Come coach umanista promuovo le esperienze di flusso attraverso gli allenamenti co-progettati con i miei coachee, e la stessa cosa faccio come educatrice Montessori con i bambini: cerco di  fare in modo che l’adulto “rifiorisca” e il bambino “fiorisca”. Maria Montessori parla di normalizzazione riferendosi alla  capacità del bambino di auto-realizzazione e apprendimento continuo come il risultato di ricorrenti esperienze di concentrazione profonda.

LA QUARTA: Il coach umanista e la maestra Montessori

Una su tutte è la qualità che accomuna queste due figure nei diversi contesti di lavoro: la fiducia. La fiducia incondizionata nella potenza, che non è il potere, dell’uomo.

Come coach umanista credo con sincera sicurezza che il mio coachee, o la famiglia che accompagno,  riuscirà nel suo intento di cambiamento, così come da educatrice Montessori  “ho fede” nel bambino che ho davanti: “Le insegnanti che vengono nelle nostre scuole devono avere una specie di fede che il bambino si rivelerà attraverso il lavoro. Esse devono staccarsi da ogni idea preconcetta che riguardi il livello a cui i bambini possono trovarsi. L’insegnante deve avere fede che il bambino che le sta davanti mostrerà la sua vera natura quando troverà un lavoro che lo attragga. Che cosa cercare allora? Che uno  o l’altro dei bambini cominci a concentrarsi. A provocare questo deve rivolgere le sue energie; e le sue attività cambieranno di stadio in stadio come un’evoluzione spirituale”.
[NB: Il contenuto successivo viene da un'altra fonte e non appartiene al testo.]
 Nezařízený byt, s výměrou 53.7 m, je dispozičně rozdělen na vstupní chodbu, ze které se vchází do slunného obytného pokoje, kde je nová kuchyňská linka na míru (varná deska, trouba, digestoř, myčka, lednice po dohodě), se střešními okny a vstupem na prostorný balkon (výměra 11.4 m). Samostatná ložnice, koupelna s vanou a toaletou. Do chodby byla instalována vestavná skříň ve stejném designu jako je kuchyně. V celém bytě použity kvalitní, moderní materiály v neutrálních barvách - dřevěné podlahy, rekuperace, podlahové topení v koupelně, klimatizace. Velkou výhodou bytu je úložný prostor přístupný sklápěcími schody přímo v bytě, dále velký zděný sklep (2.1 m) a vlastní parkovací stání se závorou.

Nel mio lavoro di coach umanista accompagno le persone adulte a trovare o ritrovare la felicità. E allo stesso modo, il metodo Montessori mi permette di accompagnare anche i bambini in questa avventura meravigliosa della vita. Ho una profonda soddisfazione interiore nel lavoro che faccio. Due costanti nella mia vita sono la formazione e la crescita personale che vanno sempre a braccetto nel corso del tempo.  Ho ancora tanto da fare, da imparare, da sperimentare, a livello di personalità interiore o spirituale come scrive la Dottoressa, sia come coach umanista sia come educatrice Montessori, e ci lavoro sempre, mi alleno attraverso la continua conoscenza sempre più approfondita delle mie zone luce e delle mie zone ambra e delle mie potenzialità che rappresentano continuamente nuove sfumature di colori brillanti.
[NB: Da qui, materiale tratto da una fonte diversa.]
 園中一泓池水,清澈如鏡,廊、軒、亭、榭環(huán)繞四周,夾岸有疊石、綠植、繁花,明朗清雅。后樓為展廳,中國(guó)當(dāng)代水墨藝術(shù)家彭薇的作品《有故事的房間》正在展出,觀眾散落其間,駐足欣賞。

L’aspetto che più accomuna le due figure in questo ambito è però, l’aver fatto loro stessi, maestra e coach, pratica  personale dell’esperienza di flusso, la prima per aver acquisito le capacità di preparare un’ambiente favorevole alla concentrazione e il secondo per indirizzare in maniera competente nella scelta degli esercizi più adeguati il proprio coachee.
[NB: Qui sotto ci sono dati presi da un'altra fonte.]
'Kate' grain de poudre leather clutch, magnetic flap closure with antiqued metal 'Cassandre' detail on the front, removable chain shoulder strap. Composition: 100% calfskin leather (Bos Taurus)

Concludo, questa carrellata di articoli,  con alcuni pensieri di K. Rathunde che condivido pienamente: “Un flusso ricorrente o esperienze di picco possono indicare che si è sul sentiero dello sviluppo dell’identità e delle conoscenza di sé; questo è esattamente il percorso per nutrire lo spirito, che penso Montessori raccomandasse per la preparazione degli insegnati. Se queste osservazioni sono corrette, suggeriscono che, secondo la pedagogia montessoriana, una componente fondamentale della preparazione di un’insegnante è l’autorealizzazione e la ricerca di un’identità autentica attraverso il percorso della motivazione interiore, del flusso e di profonde esperienze della massima intensità che uniscono il sé con l’ambiente. Molte descrizioni di flusso e di esperienze forti sottolineano questi momenti di unità tra il sé e l’ambiente e riportano alla mente le affermazioni di M. Montessori di una persona ricolma di meraviglia e amore per l’universo. Secondo Montessori, una persona di questa portata sarebbe una guida migliore per gli studenti perché avrebbe meno limitazioni personali che possono interferire con la sua capacità ci comprendere il percorso di auto-valutazione del bambino”.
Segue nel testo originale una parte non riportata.